(Collected data entries)
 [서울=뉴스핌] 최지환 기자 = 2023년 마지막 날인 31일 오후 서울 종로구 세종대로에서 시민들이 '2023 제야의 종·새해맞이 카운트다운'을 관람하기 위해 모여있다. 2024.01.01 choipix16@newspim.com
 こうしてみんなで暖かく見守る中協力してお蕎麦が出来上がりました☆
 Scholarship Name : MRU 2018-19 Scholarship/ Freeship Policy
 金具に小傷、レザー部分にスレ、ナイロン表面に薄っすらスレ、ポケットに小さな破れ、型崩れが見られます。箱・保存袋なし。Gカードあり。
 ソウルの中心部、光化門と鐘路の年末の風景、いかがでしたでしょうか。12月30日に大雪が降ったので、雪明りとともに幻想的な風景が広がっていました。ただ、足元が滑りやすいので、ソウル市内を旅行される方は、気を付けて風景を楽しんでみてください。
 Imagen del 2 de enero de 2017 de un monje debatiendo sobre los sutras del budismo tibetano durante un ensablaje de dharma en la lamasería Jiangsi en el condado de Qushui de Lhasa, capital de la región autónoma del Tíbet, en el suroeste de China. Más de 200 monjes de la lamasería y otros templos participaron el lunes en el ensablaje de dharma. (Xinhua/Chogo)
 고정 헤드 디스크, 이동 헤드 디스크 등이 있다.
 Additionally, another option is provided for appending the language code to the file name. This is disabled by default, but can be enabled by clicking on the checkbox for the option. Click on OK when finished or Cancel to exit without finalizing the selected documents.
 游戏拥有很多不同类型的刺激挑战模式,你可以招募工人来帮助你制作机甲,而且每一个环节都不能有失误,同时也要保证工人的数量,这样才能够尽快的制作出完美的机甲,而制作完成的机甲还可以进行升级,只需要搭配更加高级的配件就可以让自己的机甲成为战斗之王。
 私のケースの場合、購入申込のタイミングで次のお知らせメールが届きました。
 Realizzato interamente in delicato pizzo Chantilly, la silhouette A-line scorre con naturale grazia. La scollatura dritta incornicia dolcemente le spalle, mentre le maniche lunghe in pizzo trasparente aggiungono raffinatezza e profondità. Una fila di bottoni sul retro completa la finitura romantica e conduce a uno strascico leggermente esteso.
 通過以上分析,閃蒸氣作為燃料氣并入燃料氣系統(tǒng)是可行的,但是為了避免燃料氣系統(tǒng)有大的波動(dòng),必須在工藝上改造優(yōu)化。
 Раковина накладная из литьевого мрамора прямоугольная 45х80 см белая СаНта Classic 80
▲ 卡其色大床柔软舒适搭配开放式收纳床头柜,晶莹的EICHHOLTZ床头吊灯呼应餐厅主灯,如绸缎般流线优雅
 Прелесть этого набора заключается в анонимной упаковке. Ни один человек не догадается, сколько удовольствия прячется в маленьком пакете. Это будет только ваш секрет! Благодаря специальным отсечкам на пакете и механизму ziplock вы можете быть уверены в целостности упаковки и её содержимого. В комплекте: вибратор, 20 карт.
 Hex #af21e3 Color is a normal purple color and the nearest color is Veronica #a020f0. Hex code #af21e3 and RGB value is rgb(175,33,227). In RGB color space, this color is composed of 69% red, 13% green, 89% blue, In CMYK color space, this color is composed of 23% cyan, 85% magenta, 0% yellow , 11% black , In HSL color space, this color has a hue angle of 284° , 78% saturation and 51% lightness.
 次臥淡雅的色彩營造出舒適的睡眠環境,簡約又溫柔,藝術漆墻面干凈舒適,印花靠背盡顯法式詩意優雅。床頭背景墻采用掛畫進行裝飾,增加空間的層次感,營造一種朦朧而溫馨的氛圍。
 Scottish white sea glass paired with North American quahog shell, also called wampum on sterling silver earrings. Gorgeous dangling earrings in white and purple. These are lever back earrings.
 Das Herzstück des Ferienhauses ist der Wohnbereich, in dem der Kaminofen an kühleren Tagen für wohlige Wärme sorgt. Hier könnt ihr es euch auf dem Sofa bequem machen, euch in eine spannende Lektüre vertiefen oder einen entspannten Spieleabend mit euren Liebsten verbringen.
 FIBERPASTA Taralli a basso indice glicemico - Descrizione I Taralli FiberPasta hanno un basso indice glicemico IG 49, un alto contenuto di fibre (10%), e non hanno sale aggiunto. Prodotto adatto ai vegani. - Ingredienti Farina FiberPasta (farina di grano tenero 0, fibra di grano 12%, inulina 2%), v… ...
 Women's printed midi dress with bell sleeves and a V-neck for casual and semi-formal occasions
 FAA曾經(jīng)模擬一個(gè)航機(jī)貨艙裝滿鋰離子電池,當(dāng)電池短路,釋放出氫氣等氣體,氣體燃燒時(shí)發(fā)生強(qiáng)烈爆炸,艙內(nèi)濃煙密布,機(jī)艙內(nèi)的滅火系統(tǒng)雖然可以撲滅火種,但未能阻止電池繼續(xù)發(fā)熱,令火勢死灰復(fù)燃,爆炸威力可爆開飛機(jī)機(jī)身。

• [Problem details]: Quote the records from their first line to the line with "金具に小傷、レザー部分にスレ", inclusive, without adding or dropping anything.

• [Result for this task]:
 [서울=뉴스핌] 최지환 기자 = 2023년 마지막 날인 31일 오후 서울 종로구 세종대로에서 시민들이 '2023 제야의 종·새해맞이 카운트다운'을 관람하기 위해 모여있다. 2024.01.01 choipix16@newspim.com
 こうしてみんなで暖かく見守る中協力してお蕎麦が出来上がりました☆
 Scholarship Name : MRU 2018-19 Scholarship/ Freeship Policy
 金具に小傷、レザー部分にスレ、ナイロン表面に薄っすらスレ、ポケットに小さな破れ、型崩れが見られます。箱・保存袋なし。Gカードあり。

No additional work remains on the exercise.